ELSA SCHARRER
Elsa Schärrer was born in Geneva in 1999. She studied philosophy and modern French at the UNIL (Lausanne), before a master's degree in creative writing at the HKB (Bern) and La Cambre (Brussels). She has just finished writing her first novel. She has also taken part in the creation of a poetry magazine for young authors. Furthermore, she is passionate about literature and textual analysis in general. She also studied dramatic art for many years at the Geneva Conservatory and enjoys performing her readings. Indeed, she believes that oral reading is the only way to truly offer the text in its entirety. In Brussels, she has taken part in numerous public readings, notably of her current text.
Artist Statement
Elsa Schärrer’s work is first and foremost a search for resonances, melodies and images. She shapes her writing like a score, reading and rereading sentences until they flow. Like river water. And like a river, the eddies come, but the plot is never the main thing. The narrative is perhaps just an excuse. An excuse, or the canvas from which silence can emerge. For this is also the great quest: to trace its contours.

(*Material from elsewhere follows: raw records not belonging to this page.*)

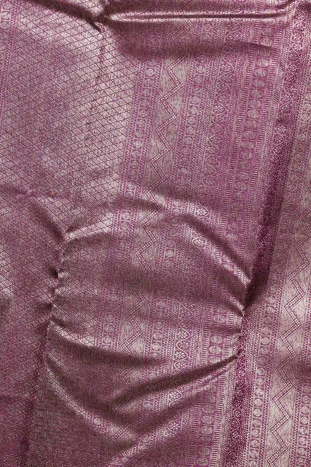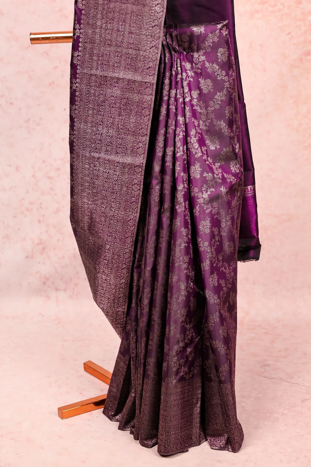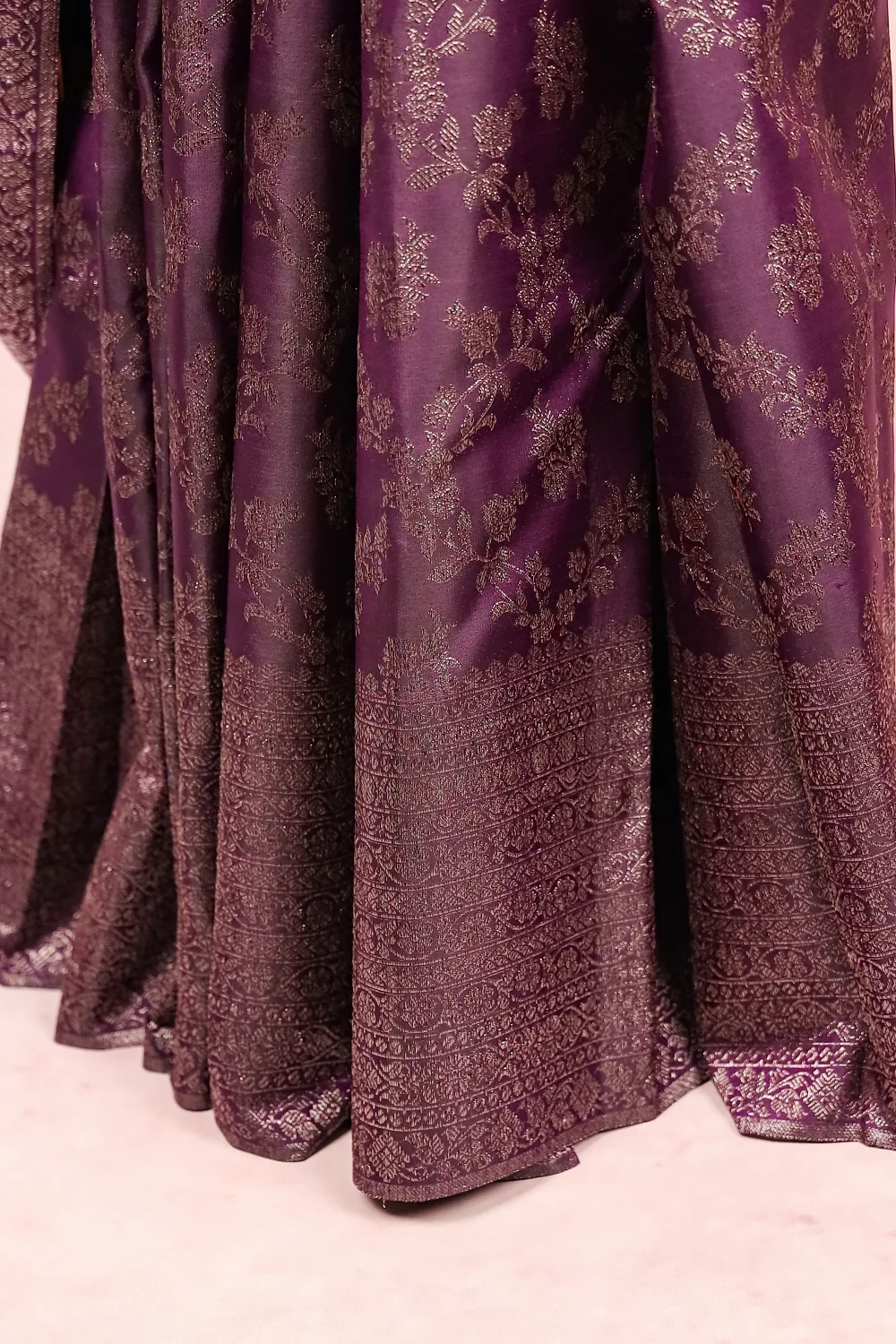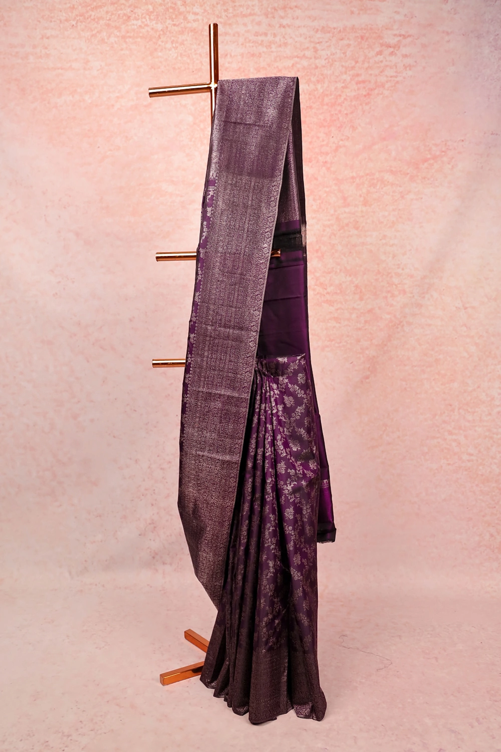 Dark Purple Kancheepuram Silk Banarasi Design Saree with Designer Border. Includes Unstitched Blouse
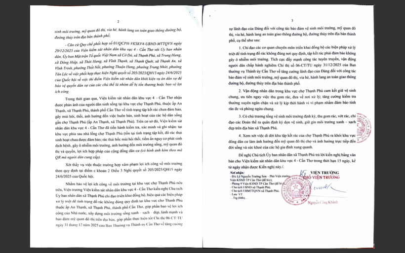 Trên cơ sở đó, VKSND Khu vực 4 đã ban hành kiến nghị gửi Chủ tịch UBND xã Thạnh Phú và Ủy ban Mặt trận Tổ quốc Việt Nam xã Thạnh Phú, yêu cầu khẩn trương phối hợp triển khai các biện pháp xử lý. Nội dung kiến nghị tập trung vào việc tăng cường công tác quản lý, tổ chức thu gom, vận chuyển rác thải đúng quy định; đẩy mạnh tuyên truyền nhằm nâng cao ý thức bảo vệ môi trường của người dân; thường xuyên kiểm tra, kịp thời phát hiện và xử lý các hành vi vi phạm.
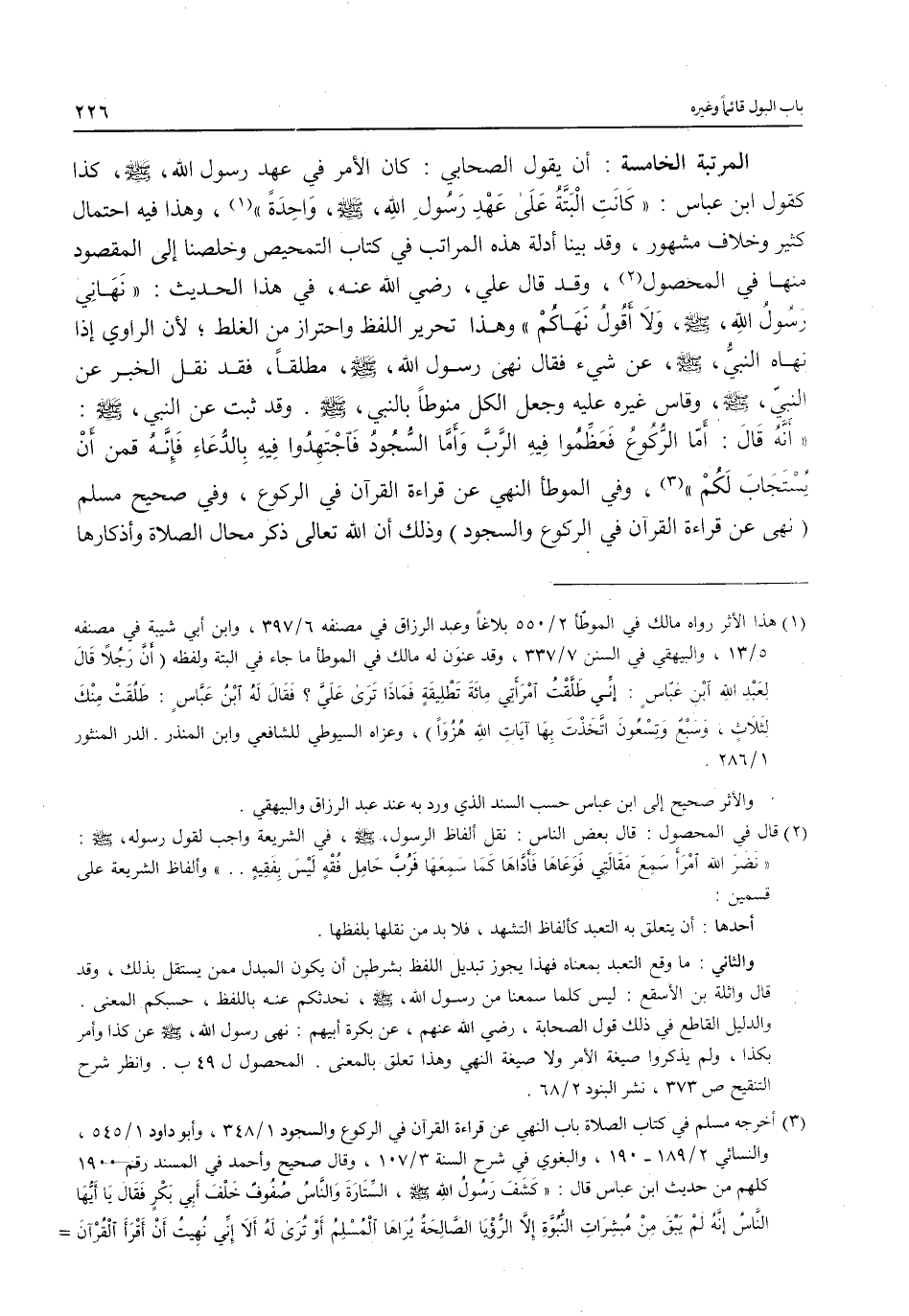 المرتبة الخامسة: أن يقول الصحابي: كان الأمر في عهد رسول الله، - صلى الله عليه وسلم -، كذا كقول ابن عباس: "كَانَتِ الْبَتَّةُ عَلَى عَهْدِ رَسُولِ الله، - صلى الله عليه وسلم -، وَاحِدةً" (¬1)، وهذا فيه احتمال كثير وخلاف مشهور، وقد بينا أدلة هذه المراتب في كتاب التمحيص وخلصنا إلى المقصود منها في المحصول (¬2)، وقد قال علي، رضي الله عنه، في هذا الحديث: "نَهَانِي رسولُ الله، - صلى الله عليه وسلم -، وَلاَ أَقُولُ نَهَاكُمْ" وهذا تحرير اللفظ واحتراز من الغلط؛ لأن الراوي إذا نهاه النبيُّ، - صلى الله عليه وسلم -، عن شيء فقال نهى رسول الله، - صلى الله عليه وسلم -، مطلقاً، فقد نقل الخبر عن النبيّ، - صلى الله عليه وسلم -، وقاس غيره عليه وجعل الكل منوطاً بالنبي، - صلى الله عليه وسلم -. وقد ثبت عن النبي، - صلى الله عليه وسلم -: "اَنَّة قَالَ: أَمّا الرُّكُوعُ فَعَظِّمُوا فِيهِ الرَّبَّ وَأَمَّا السُّجُودُ فَاجْتَهِدُوا فِيهِ بِالدُّعَاءِ فَإِنَّهُ قمن أَنْ يُستَجَابَ لَكُمْ" (¬3)، وفي الموطأ النهي عن قراءة القرآن في الركوع، وفي صحيح مسلم (نهى عن قراءة القرآن في الركوع والسجود) وذلك أن الله تعالى ذكر محال الصلاة وأذكارها
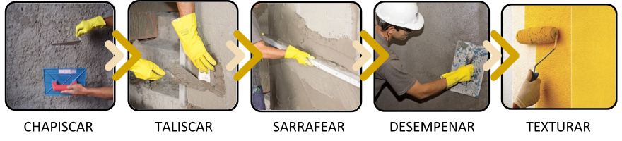 Iniciamos com a aplicação do chapisco (podendo ser o convencional ou rolado), em seguida, após o tempo de cura, começamos a aplicação do material com nossa mão de obra especializada e, por último, o acabamento é feito com uma desempenadeira lisa junto com o acompanhamento técnico da
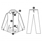 5. Spodnie z elastycznym pasem i regulowanym ściągaczem, dwie boczne kieszenie wykończone lamówką.
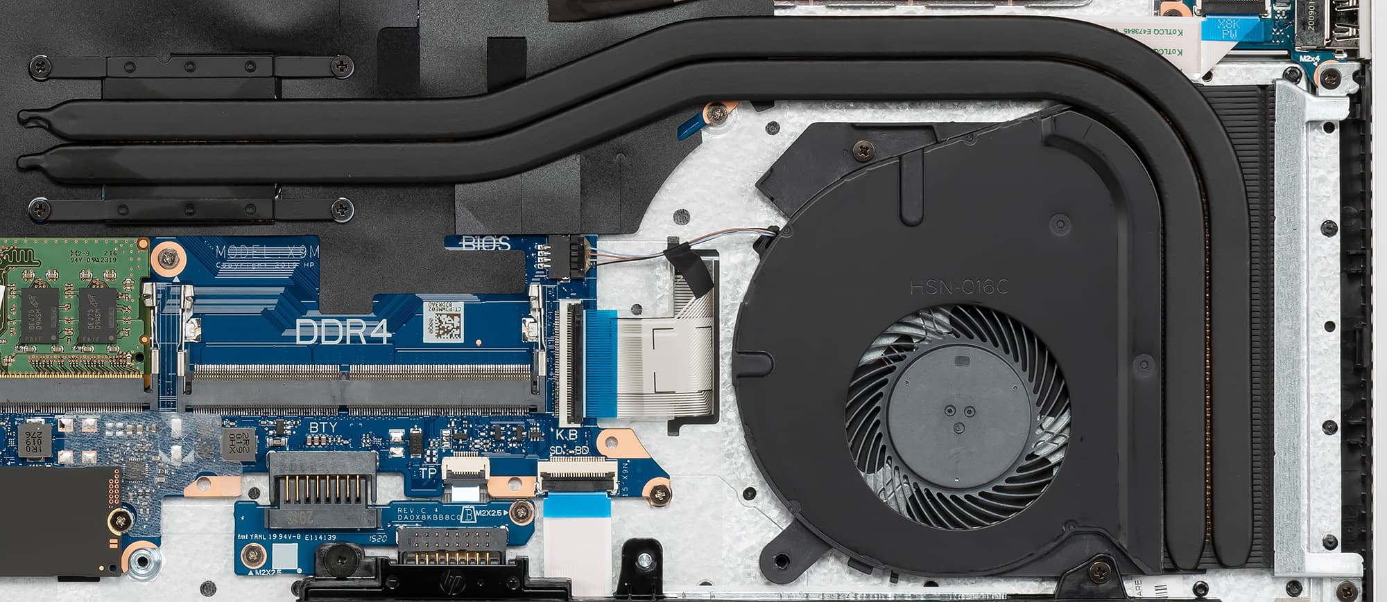 В системе охлаждения ноутбука используется медный радиатор с двумя тепловыми трубками и тонкий вентилятор с плоскими лопастями.

One winter’s night, Alma walks along, the muffled sound of snow guiding her to a kebab shop. There she meets Emer, who is so different from her, but who, she believes, looks at the world in a certain way, in an informal way, as if before the words. Because a few more things appear when he’s around. But this is neither love nor friendship; what binds them together is this relationship with the world and the feeling that they speak together through it. Each will run away from where they grew up because they want to live without moderation. Their journeys will lead them to explore the limits of the world and their own solitudes.
La montagne aura la couleur de la montagne appears as part of the CAP diploma festival. It’s a novel in which things seem to be crossed by an indefectible pneuma, which sometimes guides, sometimes loses. The gaze is the only sense that allows a true approach to reality, a gaze that is sometimes excessive, crushing and elevating those who use it.